START DATA EXTRACT
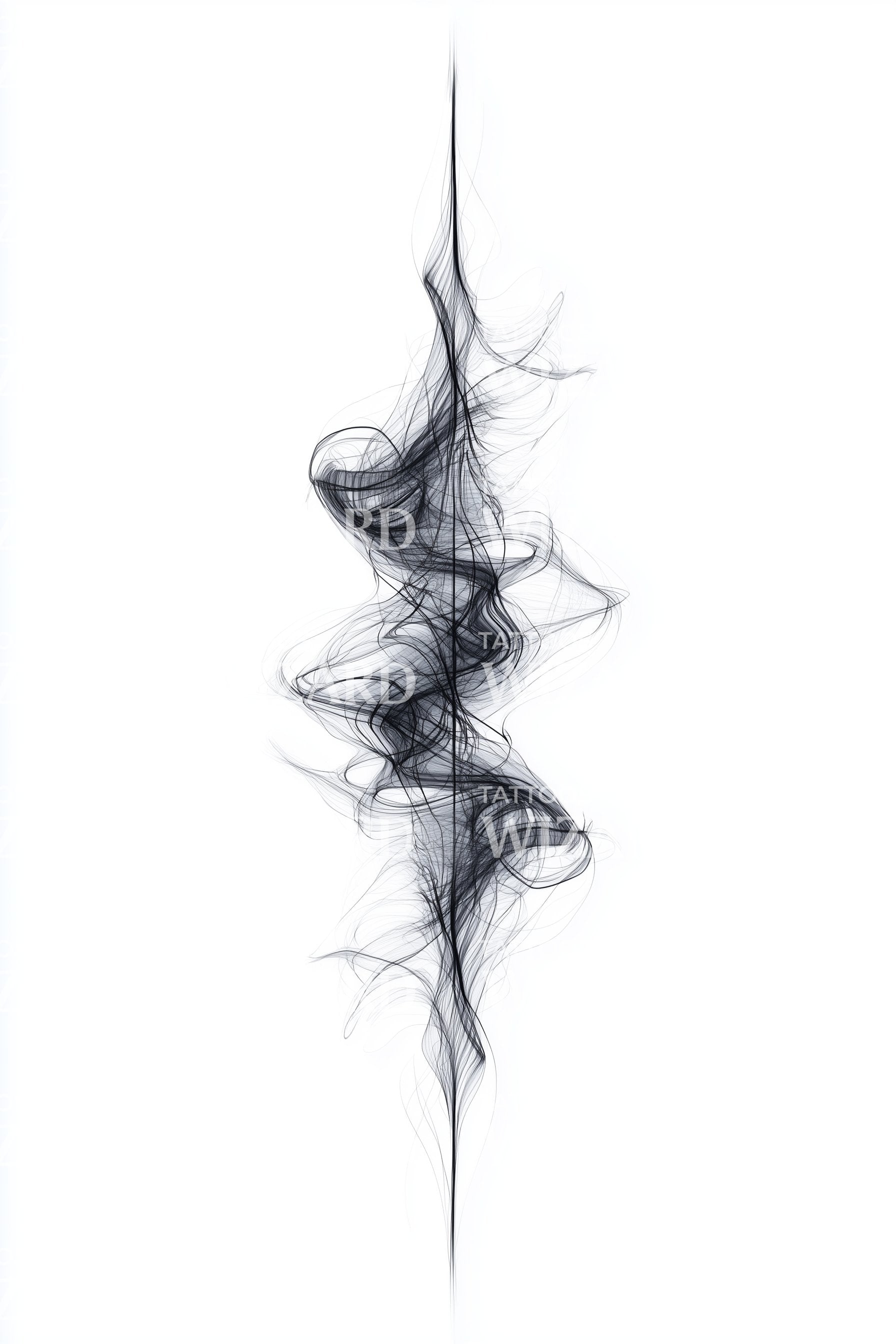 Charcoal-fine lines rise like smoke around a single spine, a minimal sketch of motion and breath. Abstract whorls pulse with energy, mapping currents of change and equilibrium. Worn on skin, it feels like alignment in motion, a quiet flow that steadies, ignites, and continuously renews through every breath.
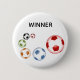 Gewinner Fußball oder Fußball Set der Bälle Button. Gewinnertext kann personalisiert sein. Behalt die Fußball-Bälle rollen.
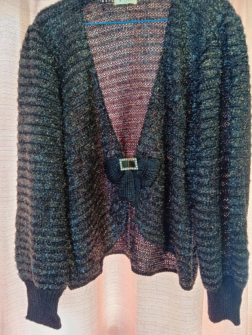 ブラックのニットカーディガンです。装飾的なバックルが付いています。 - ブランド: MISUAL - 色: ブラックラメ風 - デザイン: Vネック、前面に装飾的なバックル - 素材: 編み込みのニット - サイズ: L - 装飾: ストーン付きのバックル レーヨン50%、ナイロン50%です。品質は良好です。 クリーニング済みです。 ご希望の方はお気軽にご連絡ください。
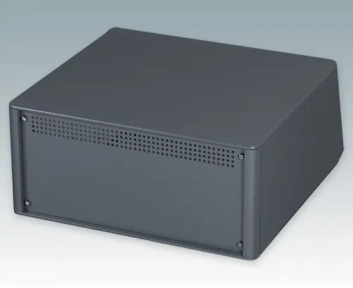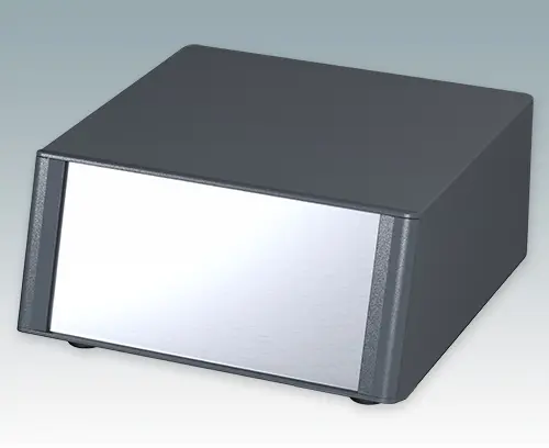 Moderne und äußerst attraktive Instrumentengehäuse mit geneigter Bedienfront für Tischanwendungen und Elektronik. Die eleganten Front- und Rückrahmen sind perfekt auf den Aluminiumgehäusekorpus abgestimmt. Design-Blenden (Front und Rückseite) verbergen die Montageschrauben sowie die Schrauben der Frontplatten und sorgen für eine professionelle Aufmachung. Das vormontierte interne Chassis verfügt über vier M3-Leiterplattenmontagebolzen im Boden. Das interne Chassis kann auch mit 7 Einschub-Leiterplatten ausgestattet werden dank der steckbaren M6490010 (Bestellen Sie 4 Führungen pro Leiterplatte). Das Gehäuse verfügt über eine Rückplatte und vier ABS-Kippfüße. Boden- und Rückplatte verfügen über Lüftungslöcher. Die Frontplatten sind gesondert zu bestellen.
END DATA EXTRACT
*PROBLEM DETAILS:*
Return the material in full and unaltered, minus its pictures.

*RESULT:*
 Charcoal-fine lines rise like smoke around a single spine, a minimal sketch of motion and breath. Abstract whorls pulse with energy, mapping currents of change and equilibrium. Worn on skin, it feels like alignment in motion, a quiet flow that steadies, ignites, and continuously renews through every breath.
 Gewinner Fußball oder Fußball Set der Bälle Button. Gewinnertext kann personalisiert sein. Behalt die Fußball-Bälle rollen.
 ブラックのニットカーディガンです。装飾的なバックルが付いています。 - ブランド: MISUAL - 色: ブラックラメ風 - デザイン: Vネック、前面に装飾的なバックル - 素材: 編み込みのニット - サイズ: L - 装飾: ストーン付きのバックル レーヨン50%、ナイロン50%です。品質は良好です。 クリーニング済みです。 ご希望の方はお気軽にご連絡ください。
 Moderne und äußerst attraktive Instrumentengehäuse mit geneigter Bedienfront für Tischanwendungen und Elektronik. Die eleganten Front- und Rückrahmen sind perfekt auf den Aluminiumgehäusekorpus abgestimmt. Design-Blenden (Front und Rückseite) verbergen die Montageschrauben sowie die Schrauben der Frontplatten und sorgen für eine professionelle Aufmachung. Das vormontierte interne Chassis verfügt über vier M3-Leiterplattenmontagebolzen im Boden. Das interne Chassis kann auch mit 7 Einschub-Leiterplatten ausgestattet werden dank der steckbaren M6490010 (Bestellen Sie 4 Führungen pro Leiterplatte). Das Gehäuse verfügt über eine Rückplatte und vier ABS-Kippfüße. Boden- und Rückplatte verfügen über Lüftungslöcher. Die Frontplatten sind gesondert zu bestellen.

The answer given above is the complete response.